> **YOUR TASK**: Go through the listing and set it down exactly, leaving out its pictures.

> **PROVIDED DATA**:
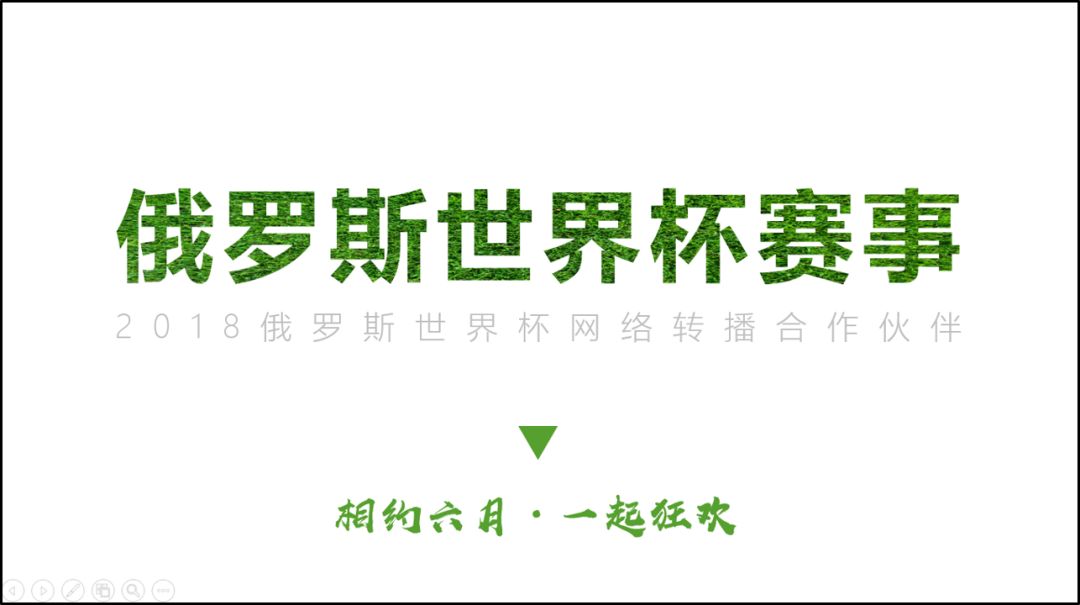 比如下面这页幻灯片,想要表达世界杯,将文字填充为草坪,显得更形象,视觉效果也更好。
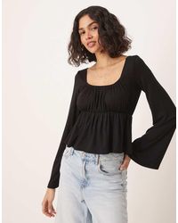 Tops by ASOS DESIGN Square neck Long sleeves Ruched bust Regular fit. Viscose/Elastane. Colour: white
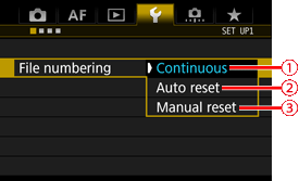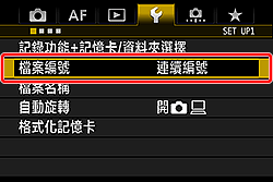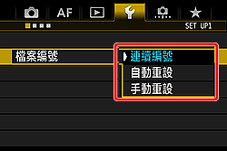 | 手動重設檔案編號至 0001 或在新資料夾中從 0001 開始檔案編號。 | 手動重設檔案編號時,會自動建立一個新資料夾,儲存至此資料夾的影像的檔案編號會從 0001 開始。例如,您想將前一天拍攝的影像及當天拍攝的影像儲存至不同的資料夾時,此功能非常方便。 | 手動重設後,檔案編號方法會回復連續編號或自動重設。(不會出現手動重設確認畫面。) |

> **SOLUTION**:
 比如下面这页幻灯片,想要表达世界杯,将文字填充为草坪,显得更形象,视觉效果也更好。
 Tops by ASOS DESIGN Square neck Long sleeves Ruched bust Regular fit. Viscose/Elastane. Colour: white
 | 手動重設檔案編號至 0001 或在新資料夾中從 0001 開始檔案編號。 | 手動重設檔案編號時,會自動建立一個新資料夾,儲存至此資料夾的影像的檔案編號會從 0001 開始。例如,您想將前一天拍攝的影像及當天拍攝的影像儲存至不同的資料夾時,此功能非常方便。 | 手動重設後,檔案編號方法會回復連續編號或自動重設。(不會出現手動重設確認畫面。) |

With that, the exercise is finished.